Data excerpt START

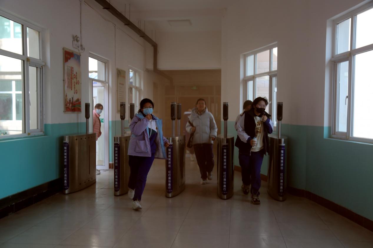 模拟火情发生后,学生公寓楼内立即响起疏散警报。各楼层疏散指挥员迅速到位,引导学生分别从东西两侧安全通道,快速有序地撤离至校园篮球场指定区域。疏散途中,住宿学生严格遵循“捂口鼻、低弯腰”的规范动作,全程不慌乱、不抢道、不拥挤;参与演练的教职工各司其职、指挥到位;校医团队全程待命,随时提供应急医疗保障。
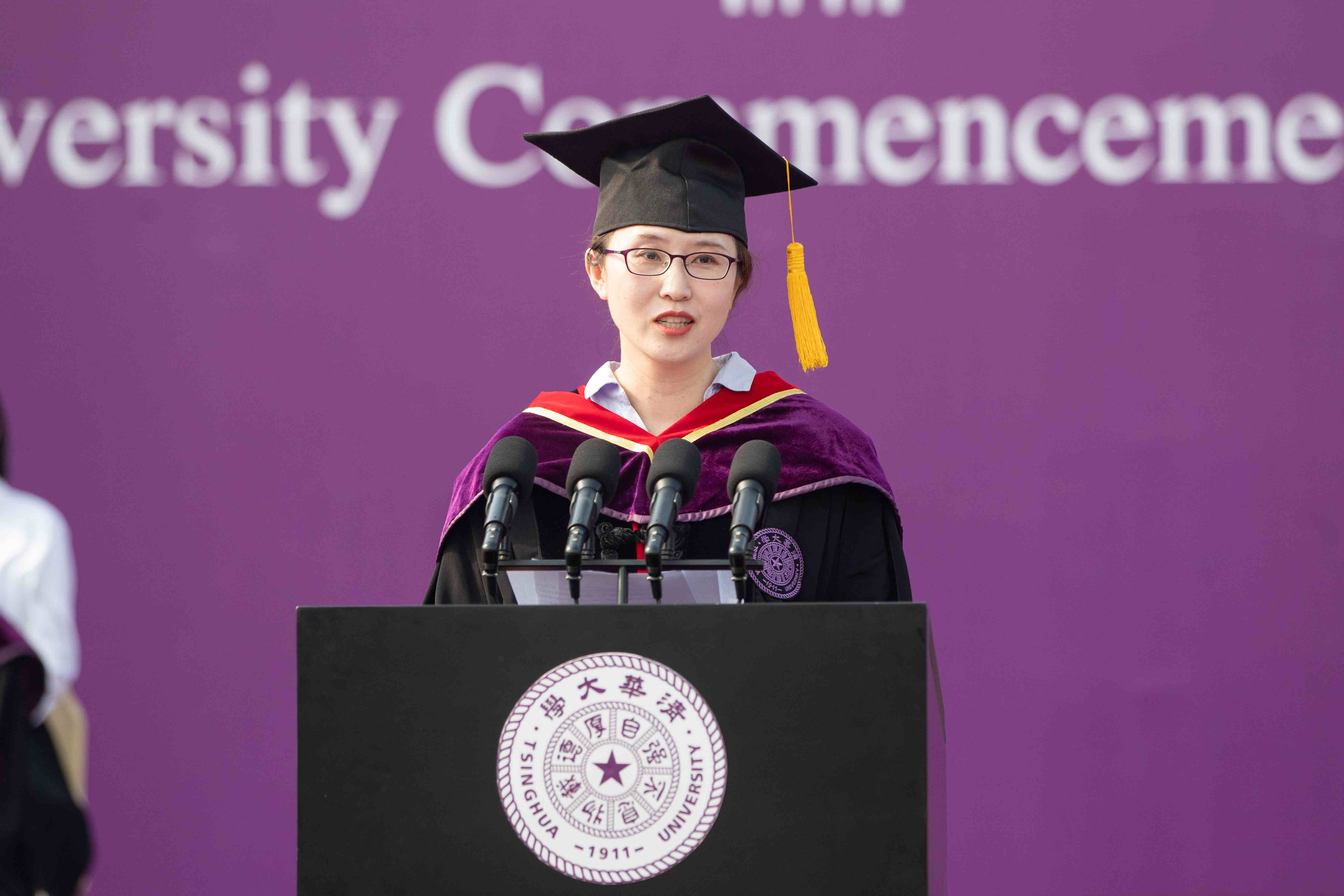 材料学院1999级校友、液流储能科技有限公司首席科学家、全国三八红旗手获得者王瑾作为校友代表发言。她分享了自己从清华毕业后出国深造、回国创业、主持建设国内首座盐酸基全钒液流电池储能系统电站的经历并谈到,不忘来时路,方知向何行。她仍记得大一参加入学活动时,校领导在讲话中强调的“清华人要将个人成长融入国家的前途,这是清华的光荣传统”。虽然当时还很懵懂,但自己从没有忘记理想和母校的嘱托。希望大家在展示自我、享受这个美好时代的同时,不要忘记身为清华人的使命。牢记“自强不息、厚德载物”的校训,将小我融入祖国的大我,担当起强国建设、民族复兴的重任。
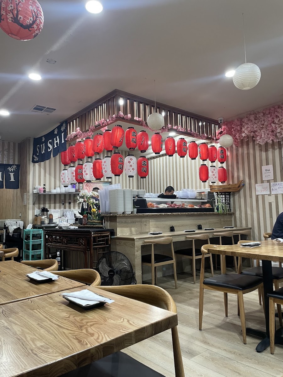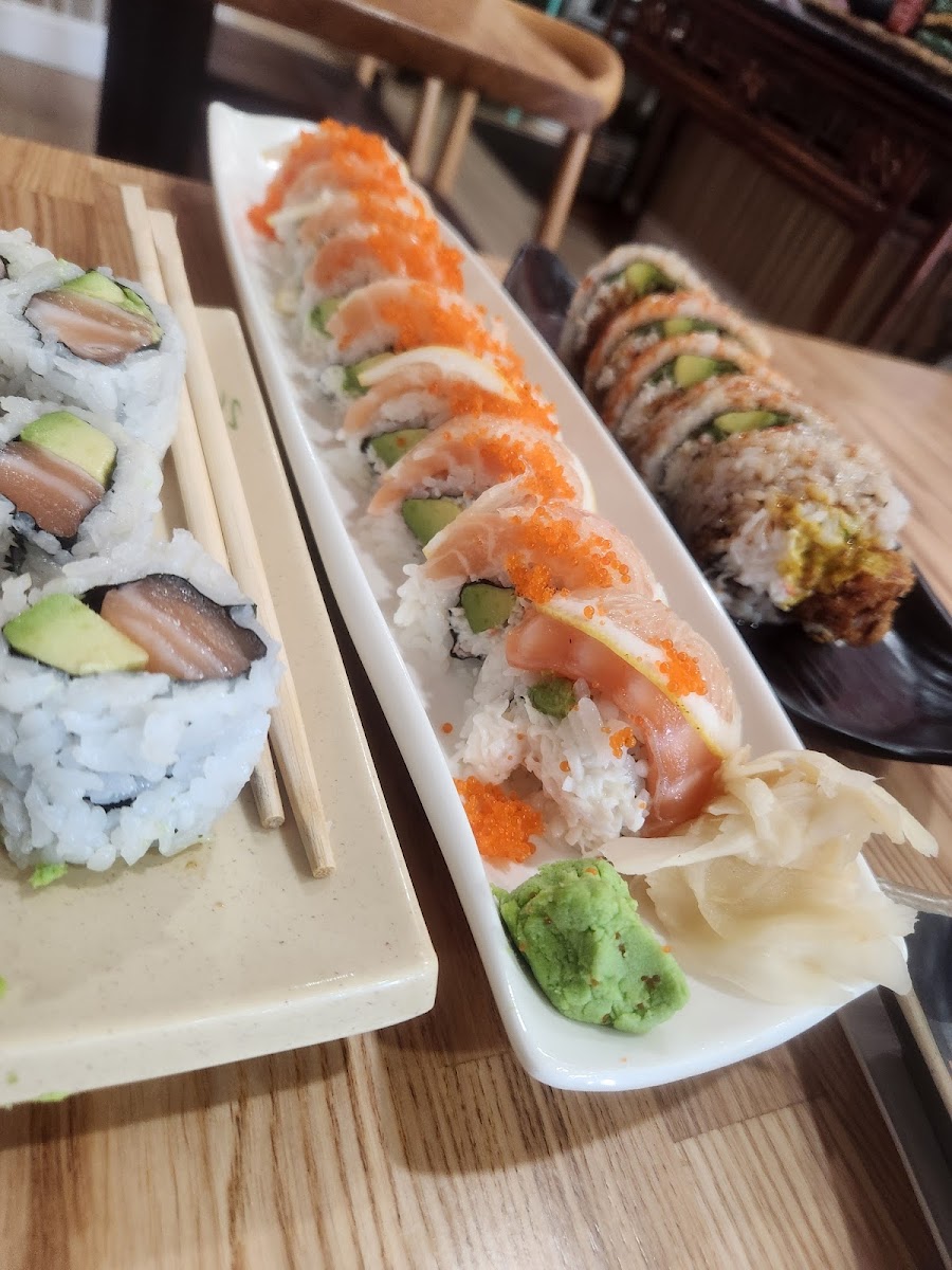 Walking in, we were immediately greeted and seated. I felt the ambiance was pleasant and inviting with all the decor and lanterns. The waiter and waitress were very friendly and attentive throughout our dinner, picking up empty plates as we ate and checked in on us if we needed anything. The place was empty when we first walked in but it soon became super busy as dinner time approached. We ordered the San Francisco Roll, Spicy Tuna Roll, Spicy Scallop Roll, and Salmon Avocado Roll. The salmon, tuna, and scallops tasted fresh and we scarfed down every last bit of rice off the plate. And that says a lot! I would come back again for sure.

Data excerpt END

Problem to solve: Pictures aside, reproduce all of the data exactly.

Response to this task:
 模拟火情发生后,学生公寓楼内立即响起疏散警报。各楼层疏散指挥员迅速到位,引导学生分别从东西两侧安全通道,快速有序地撤离至校园篮球场指定区域。疏散途中,住宿学生严格遵循“捂口鼻、低弯腰”的规范动作,全程不慌乱、不抢道、不拥挤;参与演练的教职工各司其职、指挥到位;校医团队全程待命,随时提供应急医疗保障。
 材料学院1999级校友、液流储能科技有限公司首席科学家、全国三八红旗手获得者王瑾作为校友代表发言。她分享了自己从清华毕业后出国深造、回国创业、主持建设国内首座盐酸基全钒液流电池储能系统电站的经历并谈到,不忘来时路,方知向何行。她仍记得大一参加入学活动时,校领导在讲话中强调的“清华人要将个人成长融入国家的前途,这是清华的光荣传统”。虽然当时还很懵懂,但自己从没有忘记理想和母校的嘱托。希望大家在展示自我、享受这个美好时代的同时,不要忘记身为清华人的使命。牢记“自强不息、厚德载物”的校训,将小我融入祖国的大我,担当起强国建设、民族复兴的重任。
 Walking in, we were immediately greeted and seated. I felt the ambiance was pleasant and inviting with all the decor and lanterns. The waiter and waitress were very friendly and attentive throughout our dinner, picking up empty plates as we ate and checked in on us if we needed anything. The place was empty when we first walked in but it soon became super busy as dinner time approached. We ordered the San Francisco Roll, Spicy Tuna Roll, Spicy Scallop Roll, and Salmon Avocado Roll. The salmon, tuna, and scallops tasted fresh and we scarfed down every last bit of rice off the plate. And that says a lot! I would come back again for sure.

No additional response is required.